Tower’s chainwide financial issues are common in the music industry right now, thanks to Internet file trading and a poor economy. But in Seattle, the company also has some uniquely local challenges. For years, Tower was the biggest and best record shop around, particularly the Lower Queen Anne store at 500 Mercer St. Its status as a Ticketmaster outlet made it that much more of a draw. Even without the post-Napster downloading boom, though, the quiet rise of local independent stores Easy Street and Sonic Boom, as well as the northern expansion of Portland’s Everyday Music, which took over the old Cellophane Square location at 112 Broadway Ave. E. last year, would likely have chinked the multinational’s armor.
The most significant example is Easy Street, which expanded from a well-stocked West Seattle location to a second store on Lower Queen Anne—in the old Tower Books location, ironically enough, at West Mercer Street and Queen Anne Avenue North.
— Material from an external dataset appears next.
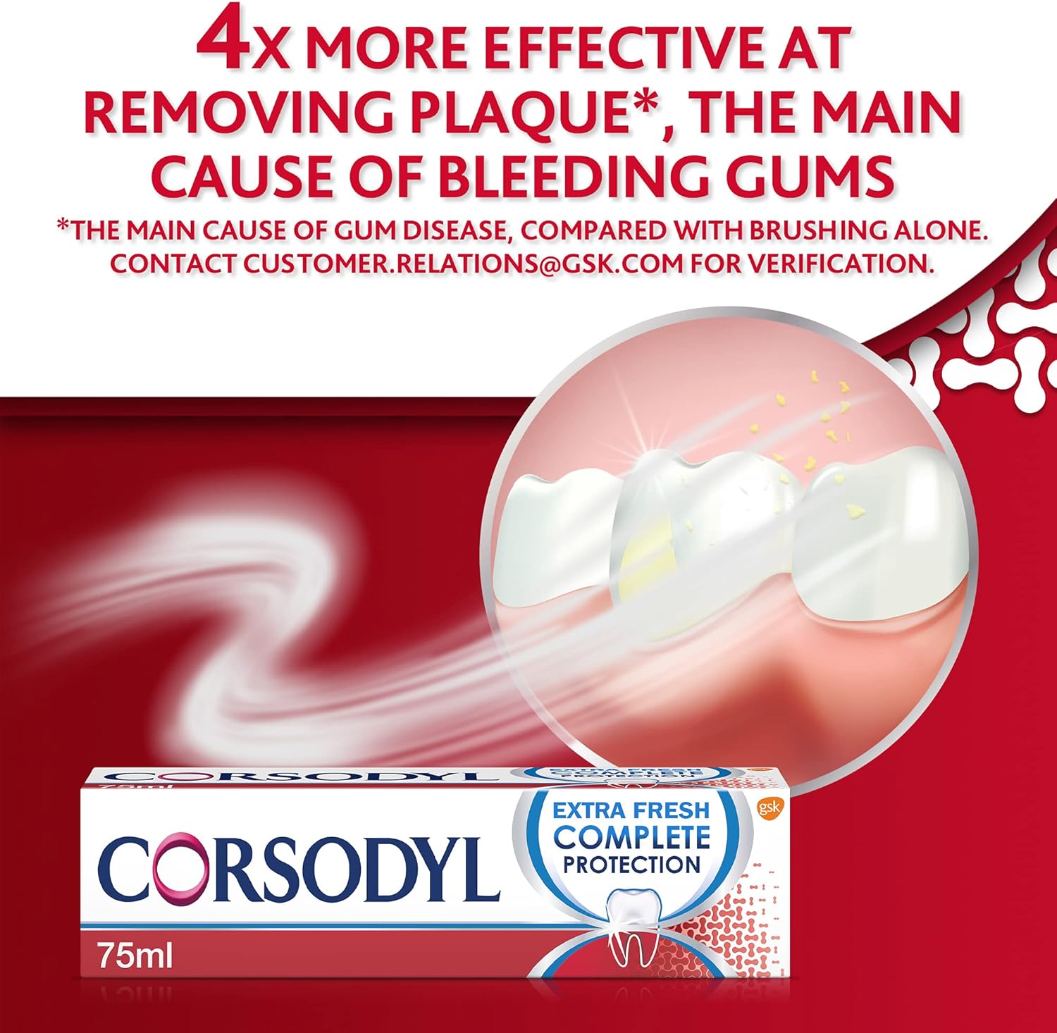 STOP BLEEDING GUMS: Healthy teeth start with healthy gums. Bleeding gums can be caused by the build-up of plaque bacteria along the gum line. Corsodyl Complete Care Toothpaste is 4x more effective at removing plaque than a regular toothpaste.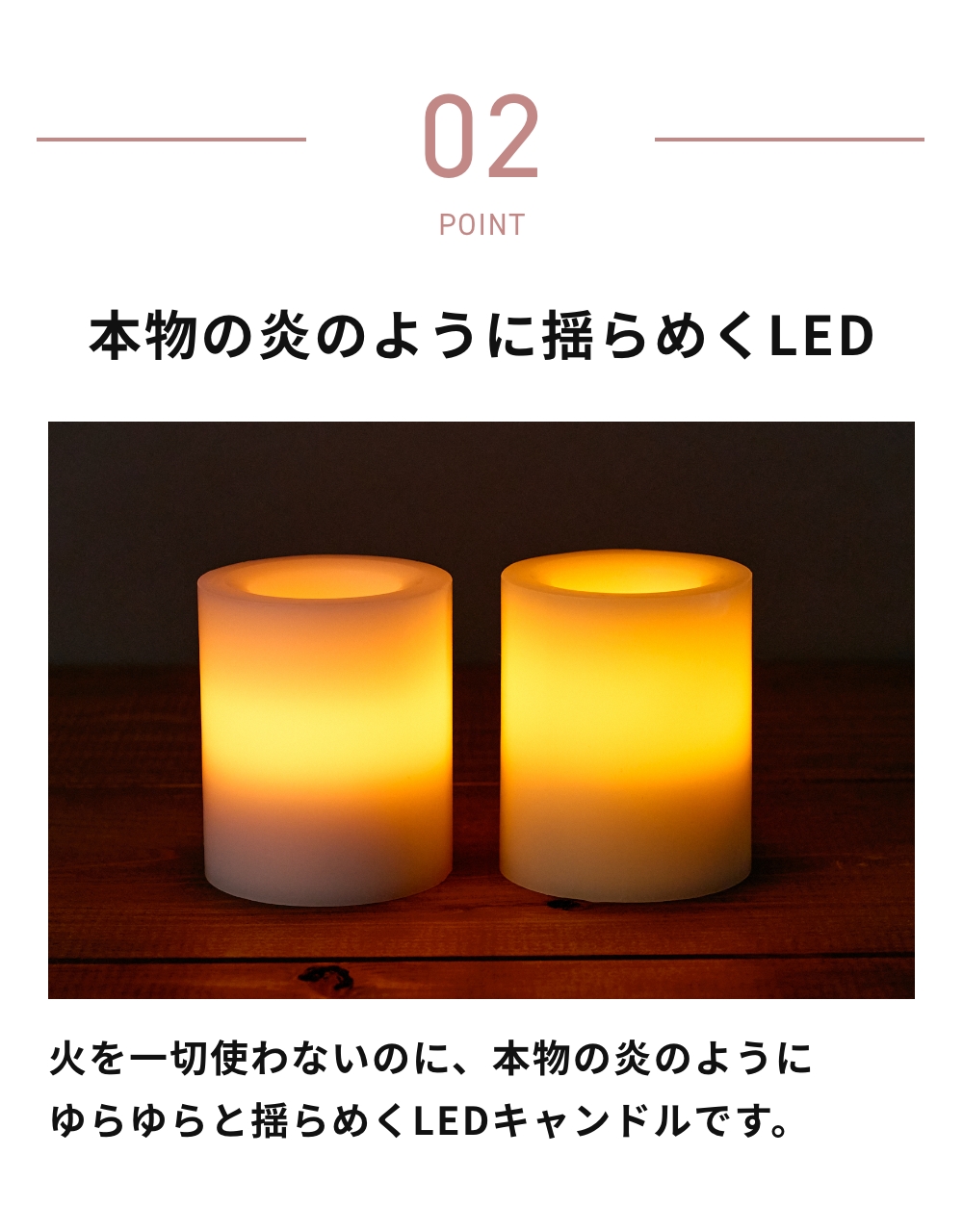 火を一切使わないのに、本物の炎のようにゆらゆらと揺らめくLEDキャンドルです。

Says Easy Street owner Matt Vaughan: “I felt that Seattle had deserved a strong independent presence ever since Peaches had gone by the wayside back in the early ’90s. There were many retailers, but most of them were highly specialized or community stores, like our West Seattle store.”
As pop music has become more and more niche-marketed, trend consciousness has become crucial to a retailer’s survival—especially in Seattle, a city deeply rooted in independent music as well as grassroots politics and business. “Independent retail can react to a trend that is happening in town immediately, if not help break certain acts and stimulate awareness of genres and scenes,” says Vaughan. Tower’s somewhat faceless public profile and high retail prices haven’t helped it.
IF TOWER’S assurances to continue operating prove groundless and Seattle’s two locations close, the loss won’t just be felt by pop fans. “It will be a shame to lose such a premier classical selection,” says Easy Street’s Vaughan. “It’s one of the best classical selections in the Northwest, if not the West Coast. That buyer has been there for something close to 20 years.” And it won’t be felt just by consumers. “My biggest fear,” says Vaughan, “is that it may affect my industry’s infrastructure locally. I would hate to see any more jobs at labels and distributors lost because of a store of [Tower’s] size closing.”